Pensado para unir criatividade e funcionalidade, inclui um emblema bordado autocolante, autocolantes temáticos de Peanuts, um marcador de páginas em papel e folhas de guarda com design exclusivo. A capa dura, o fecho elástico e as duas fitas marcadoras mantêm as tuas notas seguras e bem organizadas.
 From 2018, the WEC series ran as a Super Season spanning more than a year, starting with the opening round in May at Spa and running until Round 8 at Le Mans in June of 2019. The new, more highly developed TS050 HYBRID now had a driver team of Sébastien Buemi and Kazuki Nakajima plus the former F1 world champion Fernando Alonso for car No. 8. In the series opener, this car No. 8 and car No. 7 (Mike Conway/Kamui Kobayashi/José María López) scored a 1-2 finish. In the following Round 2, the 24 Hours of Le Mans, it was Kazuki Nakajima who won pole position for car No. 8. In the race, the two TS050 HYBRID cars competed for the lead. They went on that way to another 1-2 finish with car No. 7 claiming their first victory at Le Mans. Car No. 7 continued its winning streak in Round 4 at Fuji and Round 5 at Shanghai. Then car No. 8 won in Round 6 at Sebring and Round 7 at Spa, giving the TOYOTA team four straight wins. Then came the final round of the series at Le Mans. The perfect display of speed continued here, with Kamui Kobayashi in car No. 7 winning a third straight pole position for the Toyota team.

==

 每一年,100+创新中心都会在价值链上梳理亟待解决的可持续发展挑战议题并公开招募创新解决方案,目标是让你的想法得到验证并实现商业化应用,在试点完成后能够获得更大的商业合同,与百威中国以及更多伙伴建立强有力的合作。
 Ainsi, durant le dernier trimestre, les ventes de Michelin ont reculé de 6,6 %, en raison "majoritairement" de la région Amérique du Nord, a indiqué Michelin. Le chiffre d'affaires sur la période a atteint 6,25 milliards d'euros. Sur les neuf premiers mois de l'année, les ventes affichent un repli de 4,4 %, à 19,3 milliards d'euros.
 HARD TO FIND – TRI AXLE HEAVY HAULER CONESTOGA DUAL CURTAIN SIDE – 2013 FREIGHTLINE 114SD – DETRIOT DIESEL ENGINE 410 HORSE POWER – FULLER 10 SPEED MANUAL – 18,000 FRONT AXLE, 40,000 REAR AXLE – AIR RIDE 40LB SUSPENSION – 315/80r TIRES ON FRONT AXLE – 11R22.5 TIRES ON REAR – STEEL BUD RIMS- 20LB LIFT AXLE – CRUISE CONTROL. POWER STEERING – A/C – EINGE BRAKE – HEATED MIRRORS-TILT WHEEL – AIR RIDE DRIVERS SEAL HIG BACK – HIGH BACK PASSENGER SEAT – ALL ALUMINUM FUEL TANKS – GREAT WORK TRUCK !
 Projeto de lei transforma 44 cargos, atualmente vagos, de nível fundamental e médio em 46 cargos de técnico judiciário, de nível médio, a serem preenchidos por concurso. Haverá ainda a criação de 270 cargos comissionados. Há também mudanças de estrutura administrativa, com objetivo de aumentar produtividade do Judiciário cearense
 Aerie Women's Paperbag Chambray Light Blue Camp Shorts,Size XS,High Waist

* * *

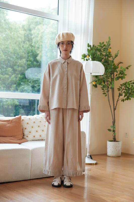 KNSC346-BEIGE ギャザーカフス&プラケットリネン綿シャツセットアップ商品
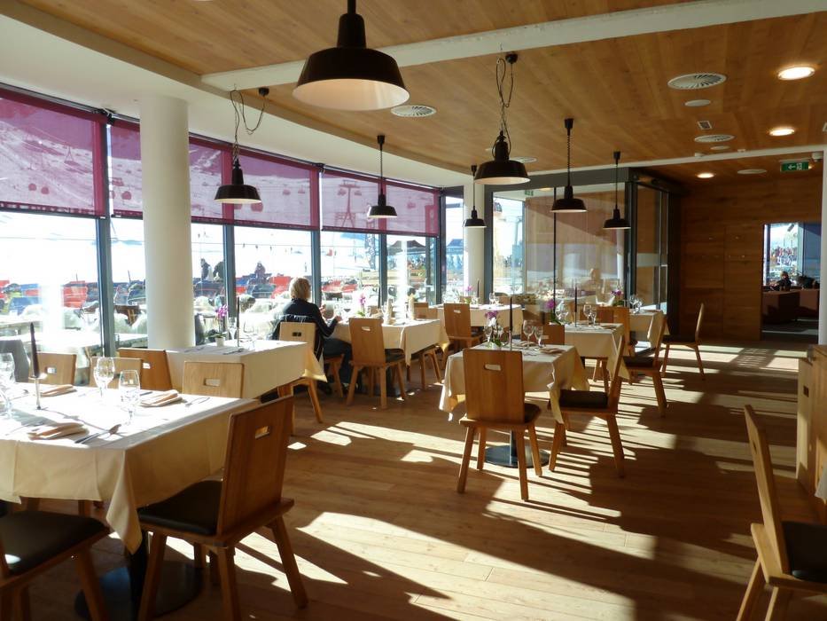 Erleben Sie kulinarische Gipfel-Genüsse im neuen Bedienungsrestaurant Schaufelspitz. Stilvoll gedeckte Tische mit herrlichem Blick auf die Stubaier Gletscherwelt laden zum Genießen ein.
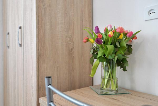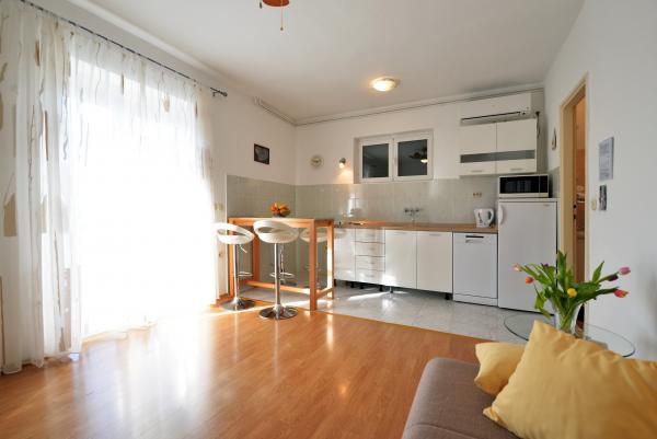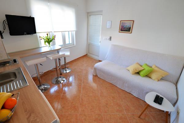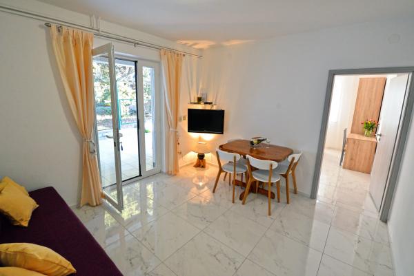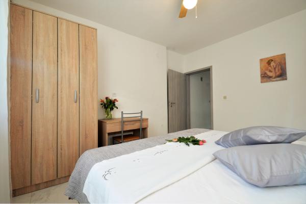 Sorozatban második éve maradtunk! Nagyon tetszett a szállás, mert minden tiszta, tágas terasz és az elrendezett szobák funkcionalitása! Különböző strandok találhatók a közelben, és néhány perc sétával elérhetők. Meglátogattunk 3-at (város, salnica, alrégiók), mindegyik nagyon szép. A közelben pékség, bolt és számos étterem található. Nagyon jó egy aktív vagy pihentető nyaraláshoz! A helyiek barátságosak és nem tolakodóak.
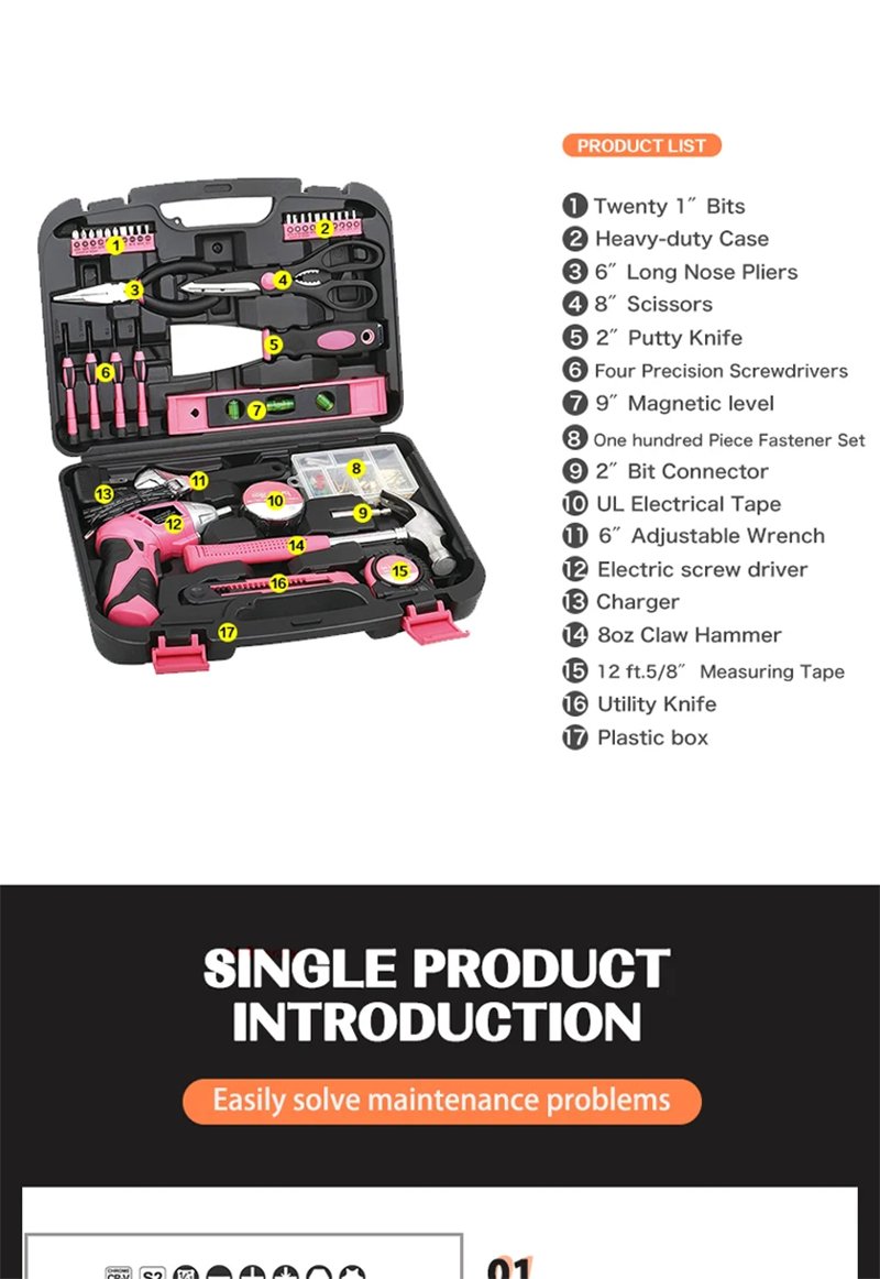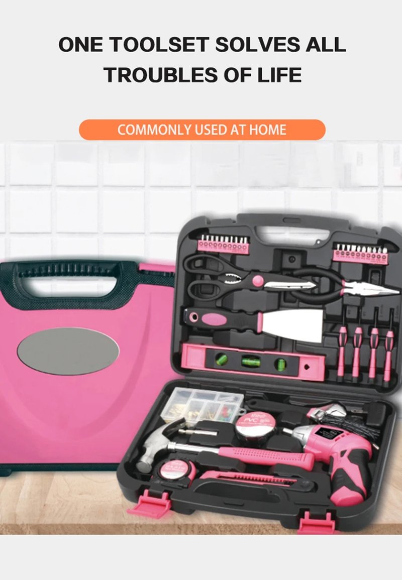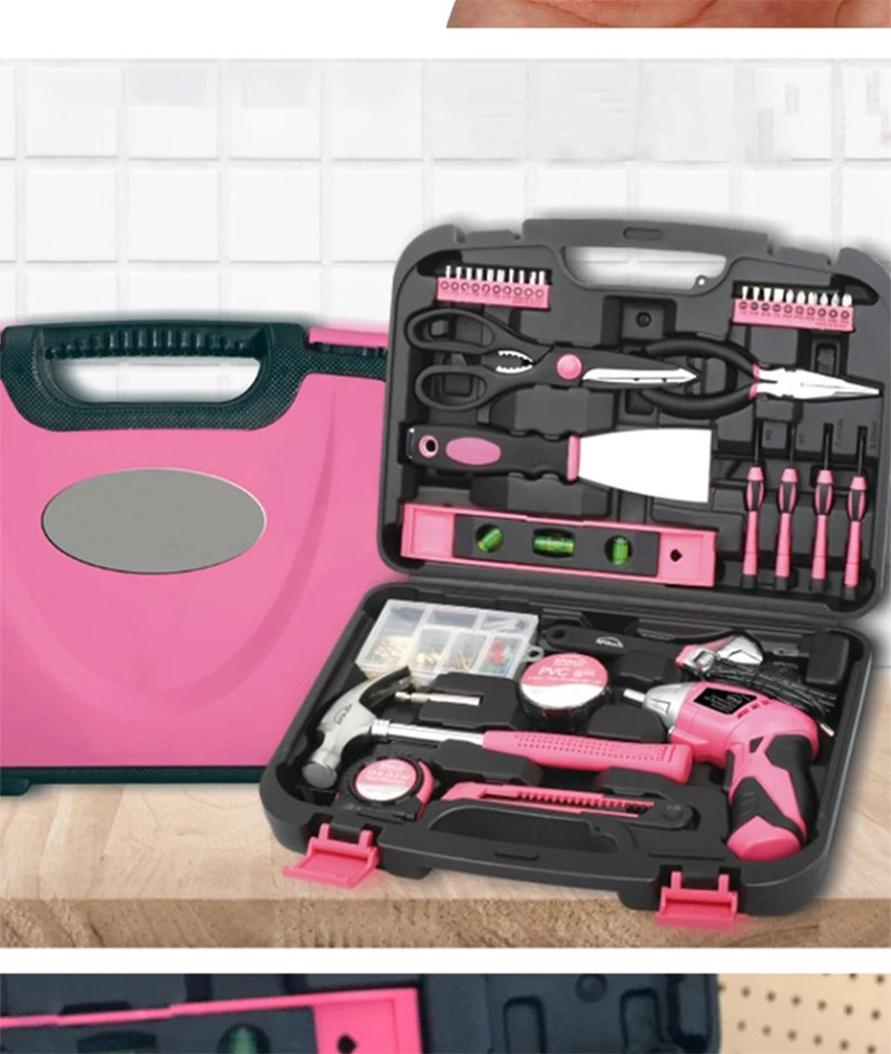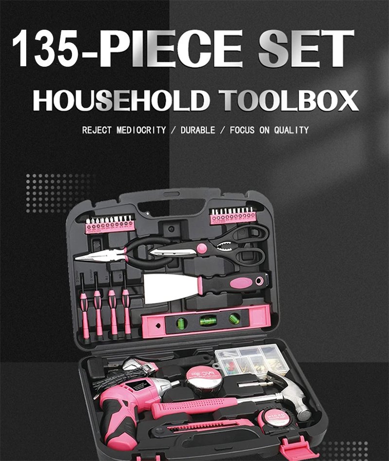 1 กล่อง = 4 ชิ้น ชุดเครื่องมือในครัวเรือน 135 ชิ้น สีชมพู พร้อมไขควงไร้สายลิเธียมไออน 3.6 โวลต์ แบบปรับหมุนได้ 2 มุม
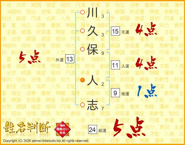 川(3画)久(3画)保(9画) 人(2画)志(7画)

Task requirements: In the listing above, find the line with "Projeto de lei" and the line with "Aerie Women's Paperbag", then print exactly those two lines and every line between them, and nothing more.

Written response:
 Projeto de lei transforma 44 cargos, atualmente vagos, de nível fundamental e médio em 46 cargos de técnico judiciário, de nível médio, a serem preenchidos por concurso. Haverá ainda a criação de 270 cargos comissionados. Há também mudanças de estrutura administrativa, com objetivo de aumentar produtividade do Judiciário cearense
 Aerie Women's Paperbag Chambray Light Blue Camp Shorts,Size XS,High Waist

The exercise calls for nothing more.